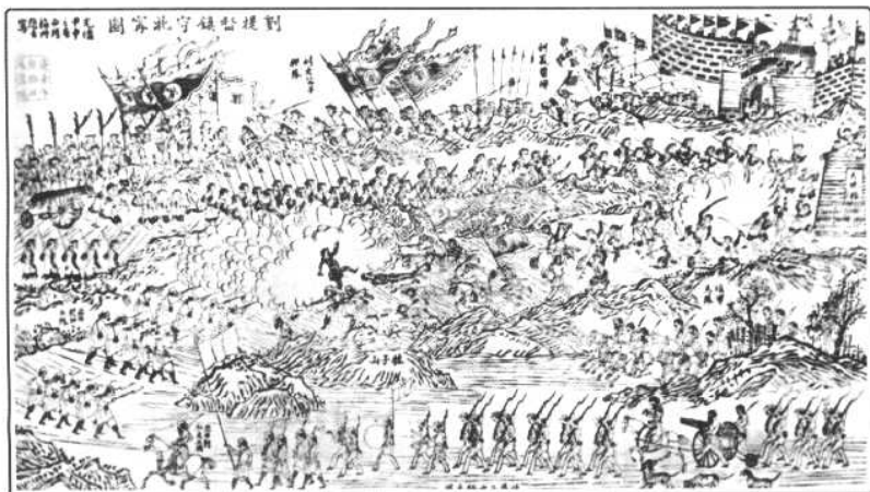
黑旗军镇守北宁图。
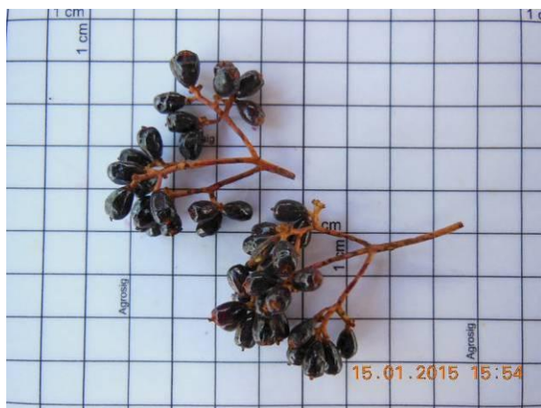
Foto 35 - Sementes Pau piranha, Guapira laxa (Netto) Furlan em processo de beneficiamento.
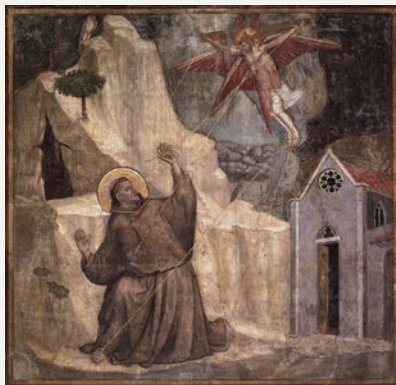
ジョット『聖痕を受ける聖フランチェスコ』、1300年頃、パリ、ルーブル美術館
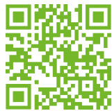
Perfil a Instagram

-----

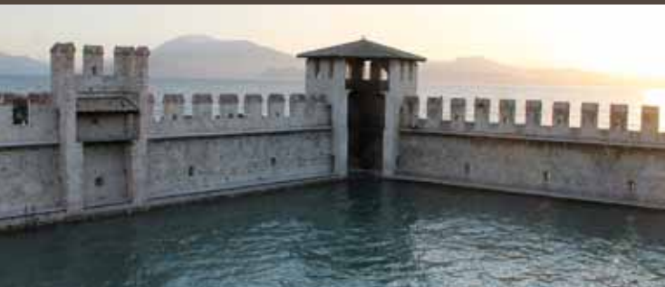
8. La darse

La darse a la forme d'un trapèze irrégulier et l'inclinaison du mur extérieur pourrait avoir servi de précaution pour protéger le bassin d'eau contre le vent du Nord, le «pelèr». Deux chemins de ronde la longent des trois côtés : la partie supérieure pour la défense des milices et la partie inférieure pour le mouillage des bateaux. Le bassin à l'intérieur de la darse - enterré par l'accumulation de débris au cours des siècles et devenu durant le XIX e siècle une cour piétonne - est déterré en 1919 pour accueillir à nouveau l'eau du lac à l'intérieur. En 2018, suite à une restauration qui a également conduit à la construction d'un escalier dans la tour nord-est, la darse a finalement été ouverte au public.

-----

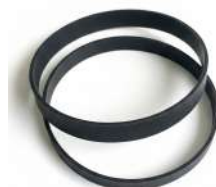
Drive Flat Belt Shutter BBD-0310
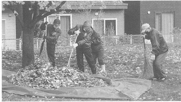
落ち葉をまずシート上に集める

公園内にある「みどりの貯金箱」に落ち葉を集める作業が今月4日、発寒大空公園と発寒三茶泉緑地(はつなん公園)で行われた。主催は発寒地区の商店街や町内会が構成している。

-----

■ **WHAT YOU NEED TO DO**
The lines you need are those with the word "darse"; list them from the entries.

■ **SOLUTION FOR THIS PROBLEM**
8. La darse
La darse a la forme d'un trapèze irrégulier et l'inclinaison du mur extérieur pourrait avoir servi de précaution pour protéger le bassin d'eau contre le vent du Nord, le «pelèr». Deux chemins de ronde la longent des trois côtés : la partie supérieure pour la défense des milices et la partie inférieure pour le mouillage des bateaux. Le bassin à l'intérieur de la darse - enterré par l'accumulation de débris au cours des siècles et devenu durant le XIX e siècle une cour piétonne - est déterré en 1919 pour accueillir à nouveau l'eau du lac à l'intérieur. En 2018, suite à une restauration qui a également conduit à la construction d'un escalier dans la tour nord-est, la darse a finalement été ouverte au public.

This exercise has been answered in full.